Dans la charmante ville de Bergerac en Dordogne, un concept révolutionnaire émerge sur le marché : la possibilité de choisir un prix en fonction de son budget. Ce jeudi 8 janvier, au Tiers-Lieu La Traverse, les produits locaux comme des légumes, du pain et des fromages s’étalent sur les tables, tandis que les clients, armés de leur panier, s'engagent dans un acte d'achat solidaire.
Inspiré par des initiatives comme la sécurité sociale de l’alimentation, ce marché a été lancé en mars 2024 et offre trois types de tarifs, matérialisés par des billes de couleur. La bille bleue garantit un prix juste pour le producteur, la jaune propose un prix solidaire inférieur de 10 à 20 % au prix de base, et la bille verte encourage un tarif un peu plus élevé, équivalant à 10-20 % de plus, destiné à soutenir la caisse mutuelle.
Claire, l'une des clientes, opte pour la bille verte, contribuant ainsi à la durabilité du modèle. Elle explique : « Quand je peux, je mets plus, et quand j'ai des économies à faire, je mets moins. C’est une manière de soutenir le maraîchage local. » Corinne, également participante, remarque que même avec le prix le plus élevé, les produits sont bien plus abordables que ceux des grandes surfaces. Ce sentiment d’encouragement à consommer des produits sains et locaux est partagé par de nombreuses personnes.

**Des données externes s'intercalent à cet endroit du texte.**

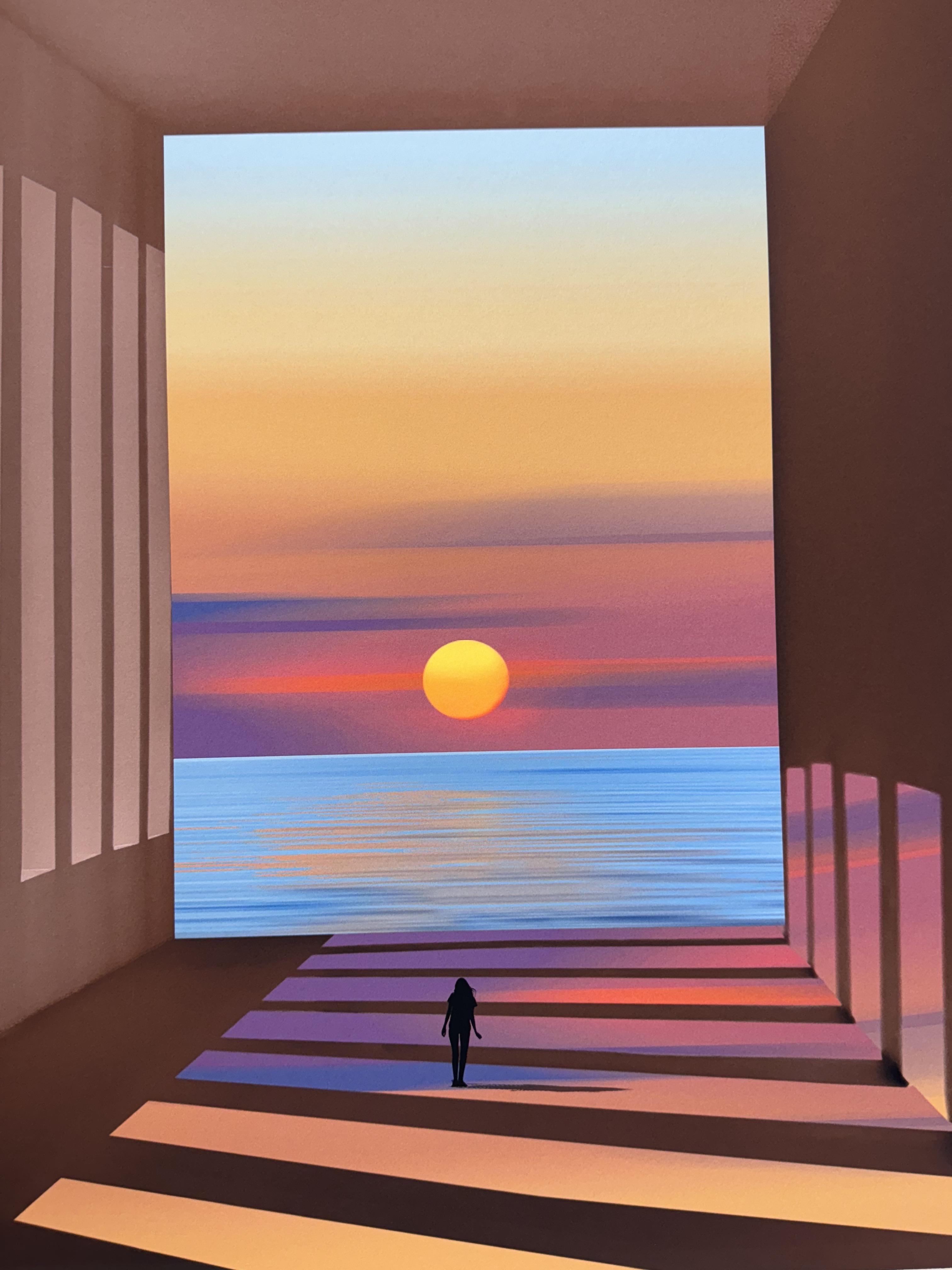 해가 저물고 밤이 찾아옵니다. 벌써 한참을 걸어왔는지 뒤돌아보니 사막 모래에 발자국이 찍혀 있습니다. 바람이 불면 그 흔적조차 사라져 버리겠지만, 우연히 다른 여행자들을 발견합니다. 누군가는 연인, 누군가는 가족, 친구와 손을 잡고 자신만의 ‘그곳’을 향해 걸어갑니다. 작가 제시 스톤은 다채로운 색감을 활용해 완전한 몰입을 유도합니다. 작가는 작품을 통해 자연의 풍경이 지닌 아름다움과 사람들의 새로운 관점에 주목하며 사람은 함께 있을 때 더 강하고, 행복해진다고 말합니다.

Une initiative solidaire qui mise sur l'honnêteté
Camille, la boulangère, souligne que le système fonctionne uniquement si les apports des clients équilibrent les compensations entre les producteurs. Par exemple, elle a récemment vendu son pain à 33 clients : douze ont opté pour un prix plus élevé, tandis que trois ont choisi le tarif inférieur. Elle reverse chaque mois une part des recettes à la caisse mutuelle, « permettant à tous les producteurs de bénéficier d’un revenu stable », explique-t-elle.
Pour Michaël Lafrance, maraîcher et instigateur de cette initiative, « il s'agit d'un moyen de solidarité, soutenu par la communauté. Pourtant, il est crucial de générer suffisamment de contributions pour maintenir ce modèle viable ». Cependant, un défi persiste : les achats à prix réduits dépassent ceux à tarif solidaire, ce qui pourrait compromettre l'équilibre financier de l'initiative, observe Martine Lacour, active au Tiers-Lieu.
Pour certains, le choix de la bille peut sembler source de gêne. Nelly, qui opte pour un tarif réduit, confie : « J'hésite parfois à faire ce choix, craignant le regard des autres. » D'autres, comme Murielle et Philippe, apprécient la flexibilité d'un système qui leur permet d'ajuster leur contribution en fonction de leurs finances du mois. « Changer de tarif d'une semaine à l'autre selon ses moyens, c'est libérateur », déclare Philippe.
Ce modèle de marché, en promouvant l’honnêteté et la solidarité, pourrait devenir un exemple à suivre dans d'autres régions, selon plusieurs experts en économie sociale. Au-delà de l’assistance, il prône une dynamique communautaire favorisant le lien social et l'accès à des produits de qualité, comme l'indiquent plusieurs articles de Le Monde et de France Info.
Grandes surfaces et produits industriels prennent ainsi un coup de vieux face à l’engouement croissant pour des circuits courts, où la vente se fait sous le signe de la communauté. À Bergerac, cette initiative pourrait bien marquer un tournant dans les habitudes de consommation.